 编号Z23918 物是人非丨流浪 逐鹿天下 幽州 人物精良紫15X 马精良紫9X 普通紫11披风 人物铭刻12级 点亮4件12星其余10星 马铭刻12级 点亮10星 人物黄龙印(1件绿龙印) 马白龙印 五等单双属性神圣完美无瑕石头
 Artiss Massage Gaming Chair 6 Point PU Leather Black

===

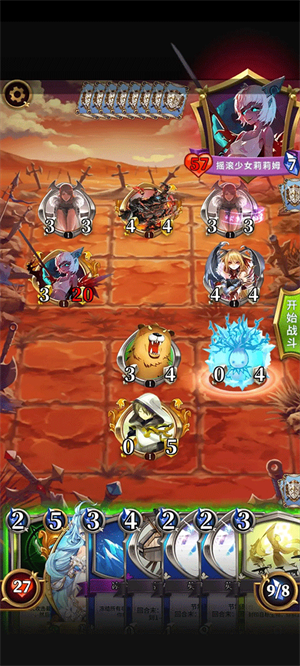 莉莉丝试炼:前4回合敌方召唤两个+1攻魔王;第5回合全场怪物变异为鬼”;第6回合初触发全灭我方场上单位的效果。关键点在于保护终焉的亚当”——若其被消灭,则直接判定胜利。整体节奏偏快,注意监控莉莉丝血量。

===

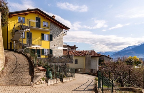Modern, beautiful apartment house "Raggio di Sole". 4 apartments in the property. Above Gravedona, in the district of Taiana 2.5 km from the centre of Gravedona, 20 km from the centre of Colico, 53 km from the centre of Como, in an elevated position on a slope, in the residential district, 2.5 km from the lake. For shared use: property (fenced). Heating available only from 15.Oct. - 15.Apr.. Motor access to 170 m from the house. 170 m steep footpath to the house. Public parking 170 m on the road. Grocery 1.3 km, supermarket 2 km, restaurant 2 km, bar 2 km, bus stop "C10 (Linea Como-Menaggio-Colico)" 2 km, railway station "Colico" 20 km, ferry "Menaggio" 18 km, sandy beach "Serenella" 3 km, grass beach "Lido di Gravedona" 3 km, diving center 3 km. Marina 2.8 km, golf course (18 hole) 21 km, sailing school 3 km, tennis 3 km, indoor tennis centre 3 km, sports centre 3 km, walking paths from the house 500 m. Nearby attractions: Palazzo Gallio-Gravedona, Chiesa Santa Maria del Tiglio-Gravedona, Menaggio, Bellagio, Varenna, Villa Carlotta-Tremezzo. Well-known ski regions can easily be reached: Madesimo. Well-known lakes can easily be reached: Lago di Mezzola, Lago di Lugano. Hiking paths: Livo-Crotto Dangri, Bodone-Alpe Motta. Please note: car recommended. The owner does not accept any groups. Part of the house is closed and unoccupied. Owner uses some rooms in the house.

===

[Task instructions]: Within the material above, output exactly the lines from the one with "编号Z23918 物是人非丨流浪 逐鹿天下" through the one with "Artiss Massage Gaming", end lines included, and nothing besides.

[Solved exercise]:
 编号Z23918 物是人非丨流浪 逐鹿天下 幽州 人物精良紫15X 马精良紫9X 普通紫11披风 人物铭刻12级 点亮4件12星其余10星 马铭刻12级 点亮10星 人物黄龙印(1件绿龙印) 马白龙印 五等单双属性神圣完美无瑕石头
 Artiss Massage Gaming Chair 6 Point PU Leather Black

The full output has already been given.